Goldie's Brae | |
Location: | 4 Goldies Brae, Wadestown, Wellington, New Zealand |
Completion Date: | 1876 |
Architect: | Dr Alexander Johnston[1] |
Goldie's Brae (now 4 Goldies Brae and sometimes referred to as "the banana house" or "crescent house") is a historic building in Wadestown, Wellington, New Zealand classified as a "Category I" ("places of special or outstanding historical or cultural heritage significance or value") historic place by the New Zealand Historic Places Trust. It is considered remarkable for its relatively new construction material, concrete, and its eccentricity of design. It was designed by its original owner Dr Alexander Johnston, the Provincial Surgeon of Wellington.[1]

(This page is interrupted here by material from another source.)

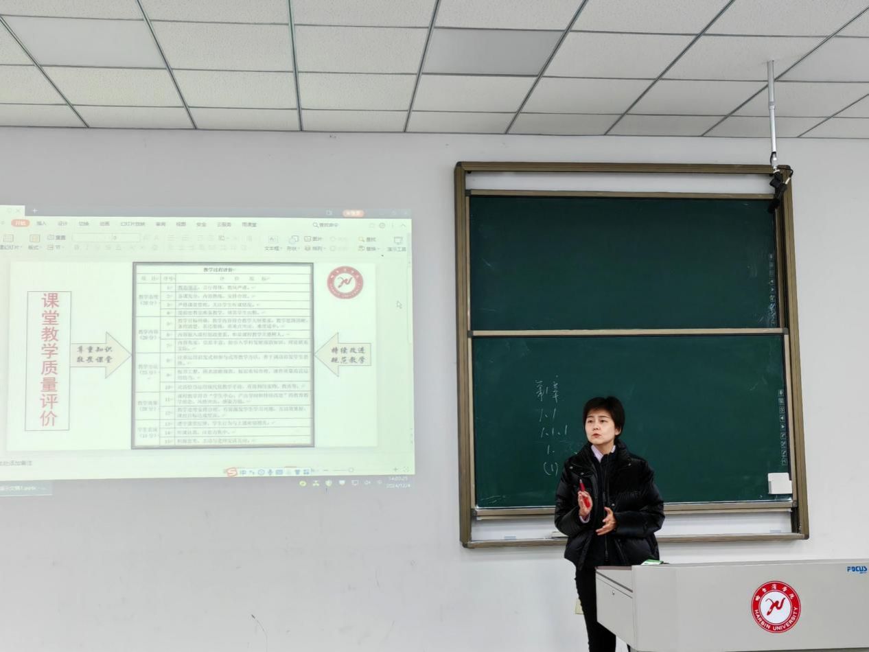 校督导徐亿军老师重点就课堂教学质量评价进行了解读,对学院教师教学质量给予了肯定,对审核评估线上听课看课进行了对标对表分析,她指出,教师应该尊重知识,敬畏课堂,持续改进,规范教学。她还对学校2024届毕业论文专项检查存在的问题进行了通报。

Alexander Johnston M.D. (c.1825—1895) was coroner and (Wellington) Provincial Surgeon in charge of the Provincial Hospital in Thorndon for twenty-five years until 1879.
He retired in 1889 and returned to England[2] settling in London where he died in September 1895 aged 70.[3] [4]
Wellington's first Colonial Hospital was built on land donated by Māori for that purpose (now the site of Thorndon's Wellington Girls' College) and was opened in September 1847. The medical officer in charge was Colonial Surgeon Dr John Patrick Fitzgerald. The surgery and other offices were on the ground floor. A ward for eight to ten patients was on the first floor of the brick and plaster building.
Following a bad earthquake in 1848 a new single storey wooden building was built in 1852 which provided for 40 patients.[5] It became Provincial Hospital on the establishment of Wellington Province in January 1853.
Dr Johnston replaced Fitzgerald in 1854 and served there for 25 years. In the 1870s ten acres were set aside in Newtown for a very much larger Wellington Hospital. It was completed and Thorndon's patients moved there in the winter of 1881.[5]
A road was constructed across the property from Grant Road,[8] it is now Grosvenor Terrace but was then named Queen's Terrace, and J H Bethune & Co auctioned ten building sites within the property in July 1904.[9]